Core Investment Company

RBI Releases New Recommendations for Core Investment Companies (CICs)

RBI-releases-new-rules-for -Core-Investment-Companies

The Working Group Committee constituted by RBI has recommended the constitution of Board Level Committees such as Audit Committee, Nomination and Remuneration Committee, Group Risk Management Committee for Core Investment Companies (CICs).

On July 03, 2019, The Reserve Bank of India had constituted a Working Group (WG) to Review Regulatory and Supervisory Framework for Core Investment Companies (CICs). Shri Tapan Ray, former Secretary, Ministry of Corporate Affairs, Government of India was declared as the Chairperson of the Working Group. Earlier in August 2010, RBI had introduced a separate framework for the regulations of systematically important Core Investment Companies (CICs), recognising a difference in the business model of a holding company relative to other NBFCs.

What is a Core Investment Company (CIC)?

CICs are Non-Banking Financial Companies with asset size of Rs. 100 crore and above which carries on the business of acquisition of shares and securities. These Companies hold more than 90 % of its net assets in the form of investment in equity shares, preference share, bonds, debentures, debt or loans in group companies.

The reason why RBI constituted a Working Group (WG) for Core Investment Companies (CICs)

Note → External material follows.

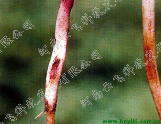 症状 我国各棉区均有发生,长江流域、黄河流域棉区受害重,辽河流域也有发生。苗期、铃期均可染病。苗期染病 幼芽于出土前受害,芽变为红褐色腐烂。出土后受害棉苗根部的根磁、侧根变黄,后变黑褐色腐烂。幼茎染病导管变为暗褐色,近地面的幼茎基部出现黄色条斑,后变褐腐烂,幼根、幼茎肿胀,子叶、真叶边缘产生灰红色不规则斑,湿度大时其上面产生粉红色霉层,即病原菌的分生孢子。生产上早播的棉田或遇低温多雨天气,根部腐烂严重的,造成死苗。成株茎基部染病 产生环状或局部褐色伤痕,皮层腐蚀,木质部呈黄褐色。棉铃染病 参见棉铃红腐病。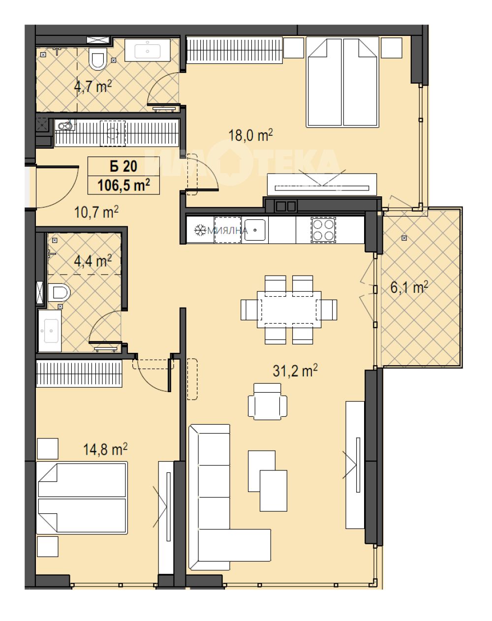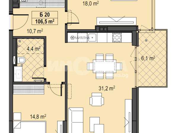 Прекрасен тристаен апартамент с източно изложение, позициониран на трети етаж с РЗП-118,20м2, просторни стаи и разкошна тераса. Върху площ от 106,50м2 са разположени: дневна с кухненски бокс и трапезария-31.20м2, спалня -18,0м2 с 4,7м2 баня към нея, втора спалня-14,8м2, втора баня с тоалетна-4,4м2 и тераса-6.1м2. Налични ПМ и гаражи. Цени без ДДС.

RBI saw a need to strengthen the corporate governance framework of Core Investment Companies (CICs) and hence decided to constitute a six-member Working Group (WG) headed by Shri.Tapan Ray. The main guidelines of the working group included the examination of the current regulatory framework for CICs in terms of adequacy, efficacy and effectiveness of every component and therefore, suggest changes.     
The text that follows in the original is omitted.